**TASK STATEMENT:**
Write out the entries below exactly, but only from the line containing "15日早上8时40分,开班仪" through the line containing "Trådløs HDMI‑extender Digitus", and without the pictures.

**WORKING DATA:**
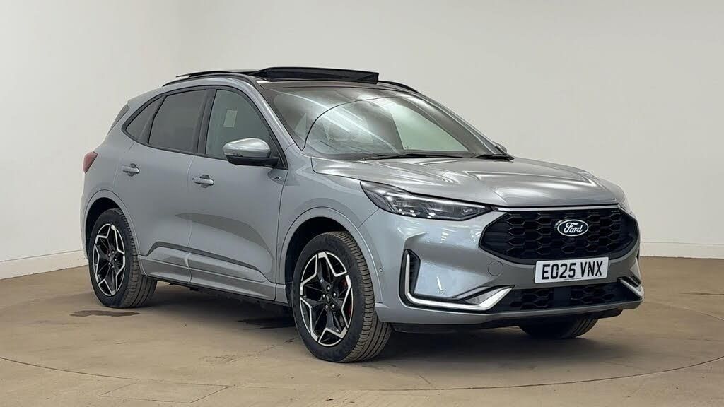 12-Way Ergonomic Power Adjust Driver's and Passenger's Seat, 12V Power Point in Floor Console, 12v Power Point in Cargo Area, 12v Socket - Voltage Regulator, 19in Alloy Wheels - ST-Line- Ebony Black - Machined Finish, 2nd Row Sliding Seats, 360 Degree Camera, ABS - Anti-lock Braking System, Acoustic Vehicle Alert System - AVAS, Adaptive Cruise Control, Air Conditioning - Electronic Automatic Temperature Control - EATC, Airbag - Driver and Front Passenger Side, Airbag - Front Passenger Deactivation Switch, Airbags - Driver and Front Passenger, Airbags - Front and Rear Side Curtain, Aluminium - Finish Front Scuff Plates with ST-Line Script, Aluminium Foot Pedals - ST-Line Design, Ambient Lighting, Auto Dimming Rear View Mirror, Auto Wipers, Automatic Door Relocking, Black Roof Rails, Centre Console with Electronic Parking Brake, Child Locks - Manual on Rear Doors, Cross Traffic Alert, Digital Colour 12.3in Instrument Cluster, Driver Assistance Pack, Driver and Passengers Sun Visor with Illumination, Dual Exhaust Tailpipes with Unique Brushed Stainless Steel Finish, EPAS - Electric Power Assisted Steering, Electric Parking Brake with Auto Hold, Electrical Charging Point in Second Row, Engine Immobiliser - SecuriLock, Enhanced Electronic Stability Control - ESC with Traction Control - Emergency Brake Assist - EBA - Hill Start Assist - HSA and Trailer Sway Control, Exterior Door Handles - Body Coloured, Ford Easy Fuel System, Ford Keyfree System - Keyless Entry with Ford Power Starter Button, Ford SYNC 4 Navigation, Front Seats - 2-Way Manual Height Adjust Passive Head Restraints, Front Seats - Drivers and Passengers Seatback Map Pockets, Front Seats - Sports Style V-shape with High Bolster, Front Windows - Laminated Glass, Front and Rear Bumper - Sporty Body Colour with Rear Ebony High-Gloss Insert, Front and Rear Floor Mats with Red Stitching, Front and Rear Parking Sensors, Full LED Headlamps, Gearshift - Automatic - Electronic Rotary Gearshift Dial, Glovebox Lights, Handsfree Power Tailgate, Headlights - Automatic Follow Me Home Lighting, Headlights - Automatic High Beam Assist, Headlights - Levelling System - Manual, Headlights - Unique Bending, Headliner - Sports Dark, Heated and Power Folding Door Mirrors - Puddle Lights - Memory Function - Camera, High-Mounted Brake Light, Kuga Badge, LED Daytime Running Lights, LED Fog Lights - Front, Lane Keeping Aid with Lane Departure Warning, Large Rear Spoiler, Load Compartment - Lights, Load Compartment - Tie Down Hooks, Load Compartment Carpet, Locking Wheel Nuts, Lower Bodyside Moulding - Body Colour, Lower Door Frame Beltline - Black, Mini Overhead Console with Sunglasses Holder Bin, MyKey, Pop-Out Door Edge Protectors, Power Door Deadlocks - Double Locking, Power Door Locks, Power Opening Panoramic Roof, Pre-Collision Assist with Autonomous Emergency Braking, Quickclear Heated Windscreen, Rear Duct on B-Pillar, Rear Lights - LED, Rear Privacy Glass, Rear Seat - 60-40 Split Folding Seats, Rear Seat Centre Head Restraint, Rear Seats - 2-Way Head Restraint Up-Down, Rear Seats - Folding Centre Armrest with Integrated Cup Holder, Rear Seats - Sliding Seat Adjust Tracks - Fore-Aft, Red Brake Calipers, Remote Tailgate Release, Removable Package Tray, Rocker Panel Mouldings - Body Colour - ST-Line Design, ST-Line Badge on Left and Right Side Wings, ST-Line Bodystyling Kit, ST-Line Front and Rear Bumper Moulding - Body Colour, Seat Belt - Drivers - Front Passenger and Rear Seat Belt Reminder Alert, Seat Belts - Front 3-Point Seatbelts with Load Limiter, Seat Belts - Front Height Adjustable, Seat Belts - Rear Retractable Rear Belt - 3-Point All Positions, Seats - ISOFIX Mounting Provision for Child Seats - Outer Seats Only, Selectable Drive Modes, Single Rear Fog Light, Standard Home Charging Cable - 3-Pin Domestic Socket 230V, Steering Column - Locking Electric, Steering Column - Rake and Reach Adjustment, Steering Wheel - ST-Line Sports-Style Perforated Sensico-Trimmed with Red Stitching
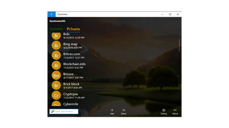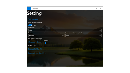 Quicknote is a small program to store personal information,notes. It is simple and very easy to use Features: - Common and Private notes - Secure note:Private notes protected by password - Search notes - Sort notes - Share notes - Reminder - Backup and restore data - Change font size - Change background Image - Attack Image - Note reader - Enter text by speaking - Show/Hide thumbnail on list - Moving notes between Common and Private
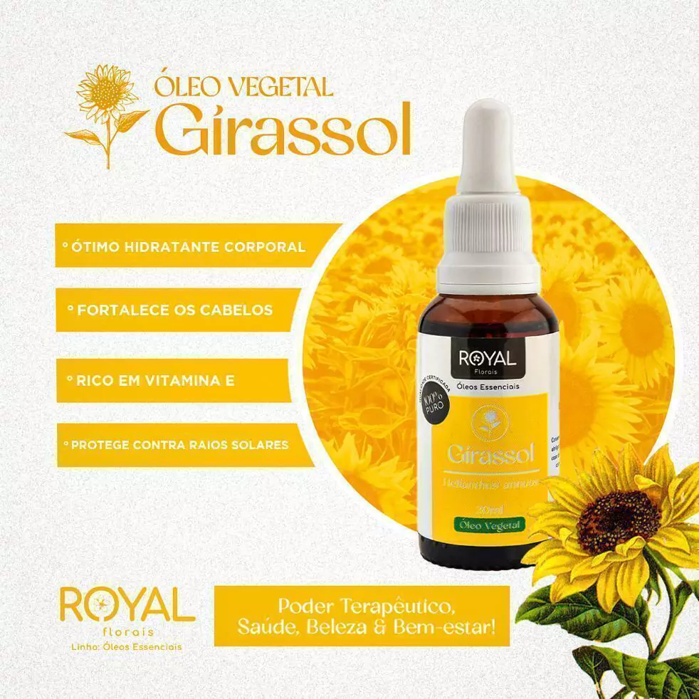 O óleo vegetal de Girassol é ótimo com hidratante corporal, atua como fortalecimento dos cabelos, é rico em vitamina C e protege com os raios solares.
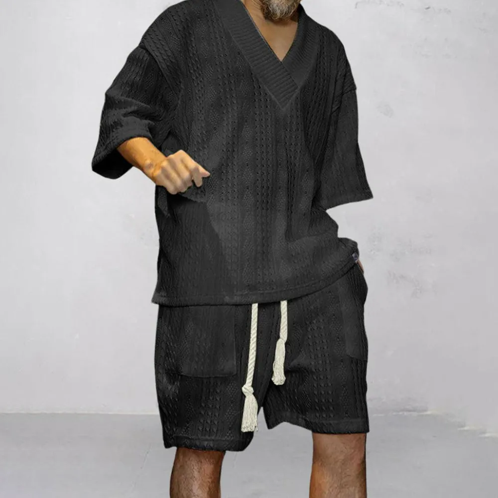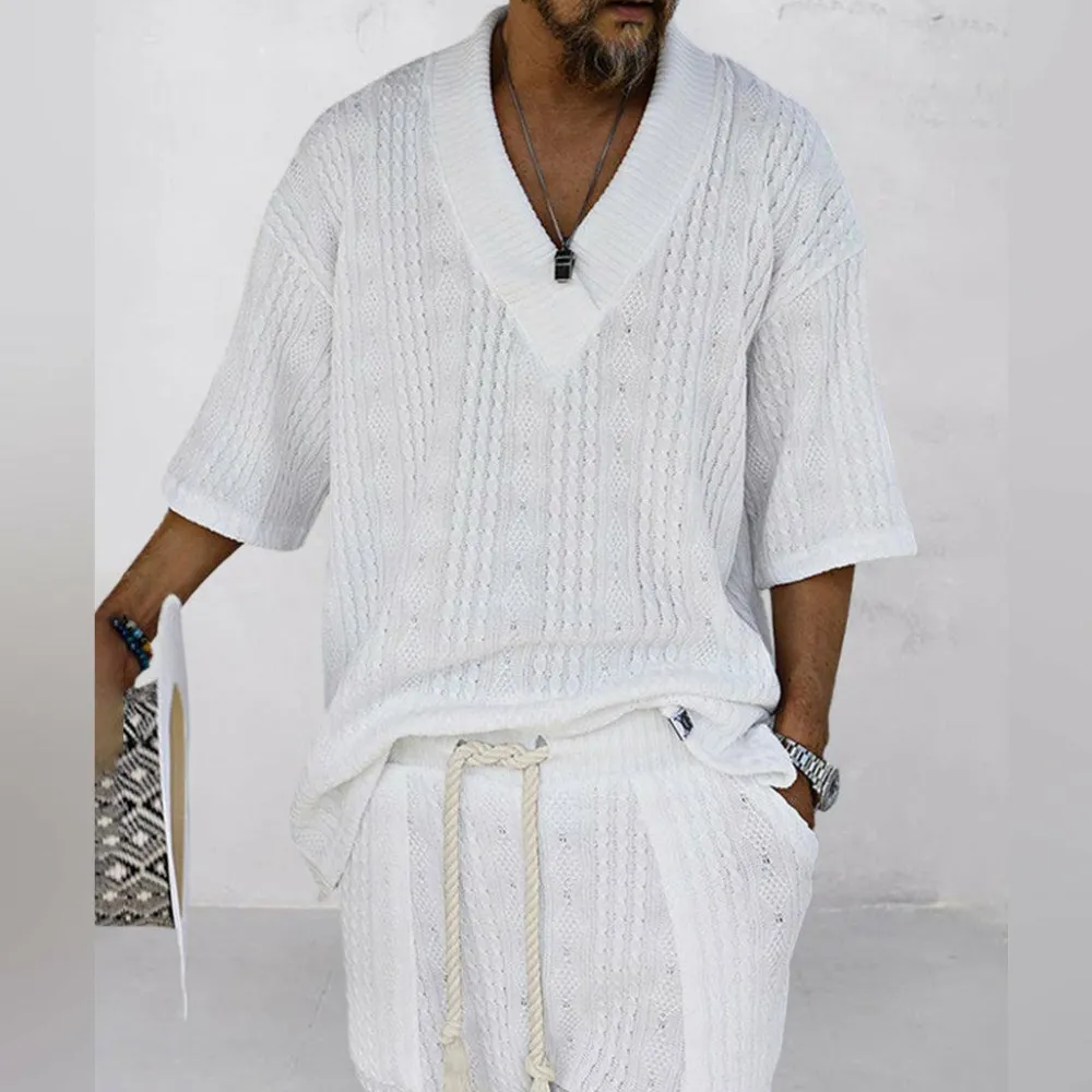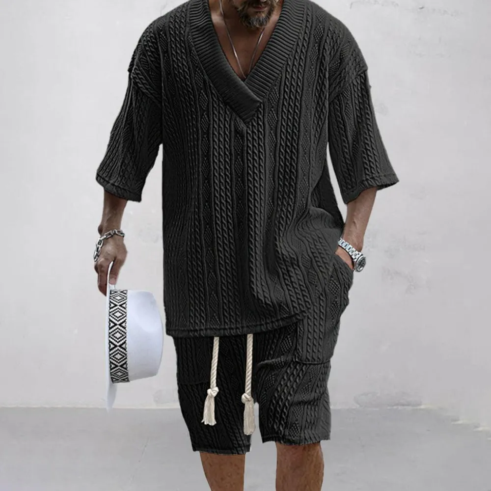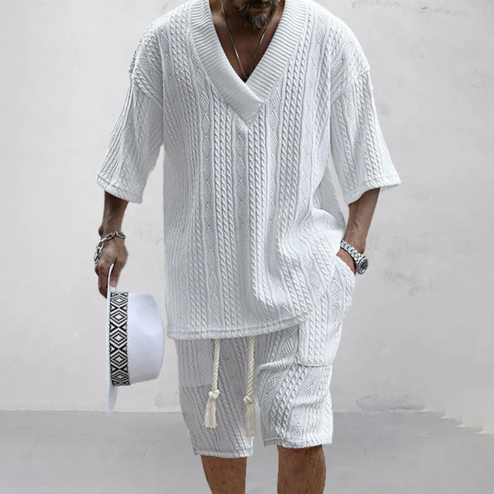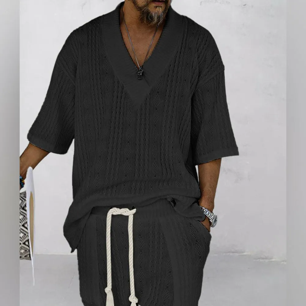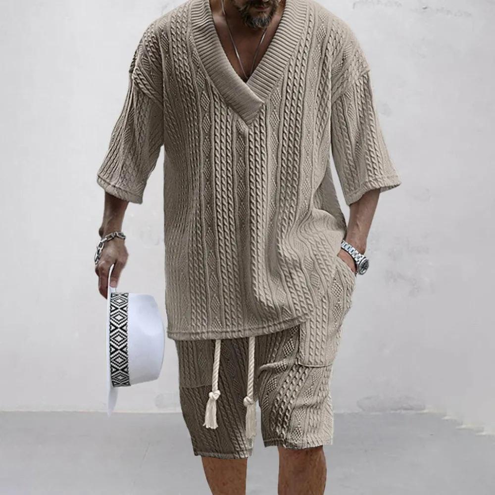 Rock in stijl met onze NICOLÒ Stijlvol gebreid shirt en shortset.
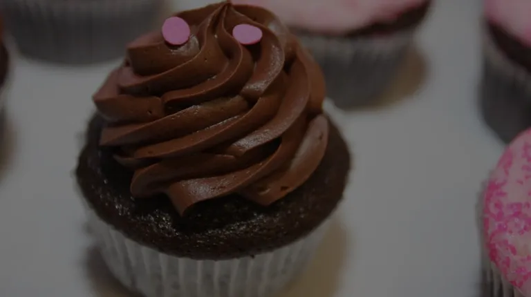 chocolate cupcakes with pink frosting and sprinkles
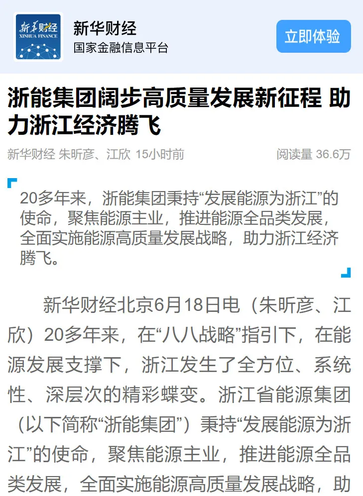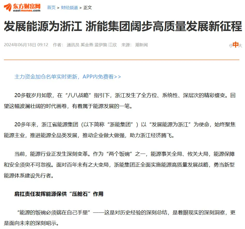 6月18日,东方财富网报道《发展能源为浙江 188bet金宝博 阔步高质量发展新征程》。
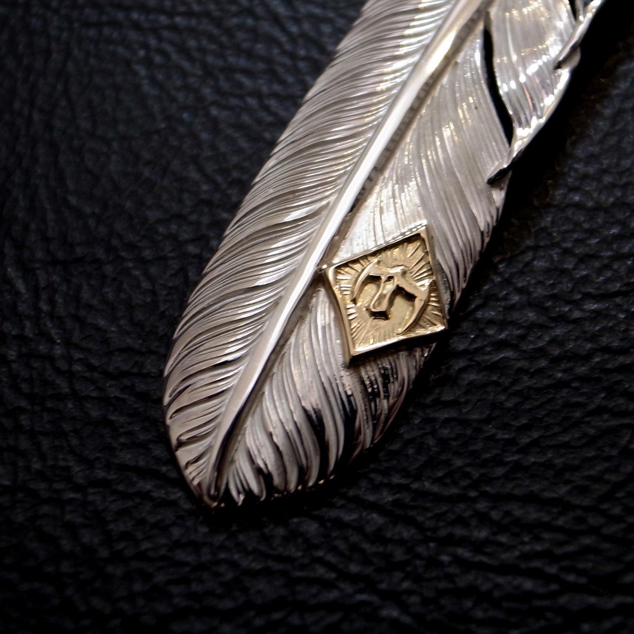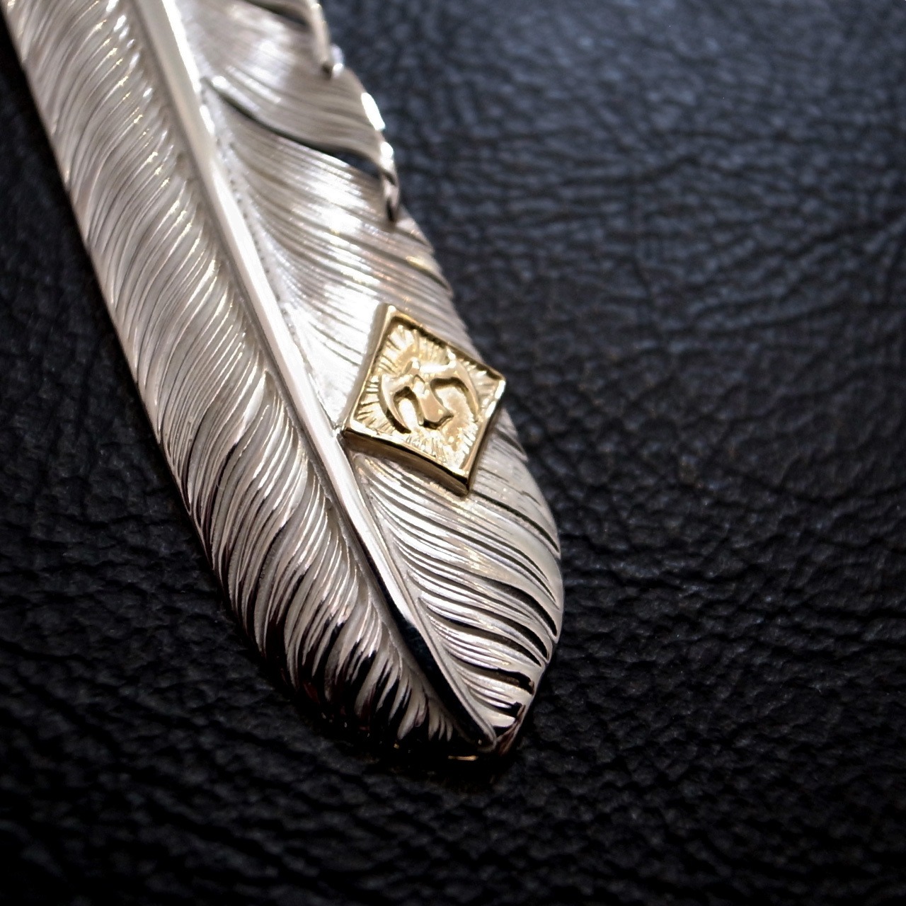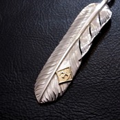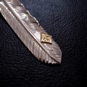 L サイズのフライトフェザー01をベースにM K18 イーグルメタルを配置した、TARO WASHIMIらしさのあるフェザー。数種あるフェザーの中でもシャープな印象のフライトフェザーは洗練された印象を持ちます。美しい彫金が魅力的です。
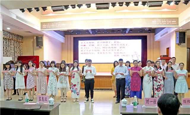 15日早上8时40分,开班仪式正式开始。容惠汉在讲话中对新一轮工作室的组建和运营提出了新的要求,希望工作室每一位人员都能主动提升和发展自己,不负重托,不辱使命。接着全体人员回顾了授牌仪式,43个工作室的人员重温了第一次见面的喜悦场景,再次点燃重新出发的责任心和使命感。最后,在语文工作室领读下,会场响起诵读经典的朗朗之声,彰显了台山教育人向着教育高峰进发的信心和愿望。
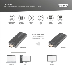 Trådløs HDMI‑extender Digitus UHD 4K/30 Hz, 30 m (sæt)
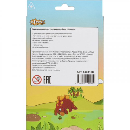 Карандаши цветные Комус Класс Дино 12 карандашей 12 цветов трёхгранные (утолщённые) Набор цветных карандашей №1 School Дино предназначен для рисования на бумаге. Применяется детьми от 3 лет и старше. В наборе 12 цветов. Карандаши с треугольным деревянным корпусом, утолщённым до 10 мм. Длина корпуса: 175 мм. Диаметр грифеля: 4 мм. Упакованы в картонную коробку с европодвесом размером 120x10x178 мм. Карандаши изготовлены из качественной древесины, ударопрочные и легко затачиваются без заусенцев. Треугольная форма позволяет удобно держать карандаш в детской руке и делает его устойчивым на поверхности стола. Нетоксичны. Особенностью карандашей является утолщённый корпус. Грифели классические, легко затачиваются. Набор подходит для развития мелкой моторики и правильного захвата пишущих принадлежностей. Идеально для учебных занятий и творчества. Набор идеально подходит для выполнения разнообразных рисунков и письма.

**SOLUTION TO THE PROBLEM:**
 15日早上8时40分,开班仪式正式开始。容惠汉在讲话中对新一轮工作室的组建和运营提出了新的要求,希望工作室每一位人员都能主动提升和发展自己,不负重托,不辱使命。接着全体人员回顾了授牌仪式,43个工作室的人员重温了第一次见面的喜悦场景,再次点燃重新出发的责任心和使命感。最后,在语文工作室领读下,会场响起诵读经典的朗朗之声,彰显了台山教育人向着教育高峰进发的信心和愿望。
 Trådløs HDMI‑extender Digitus UHD 4K/30 Hz, 30 m (sæt)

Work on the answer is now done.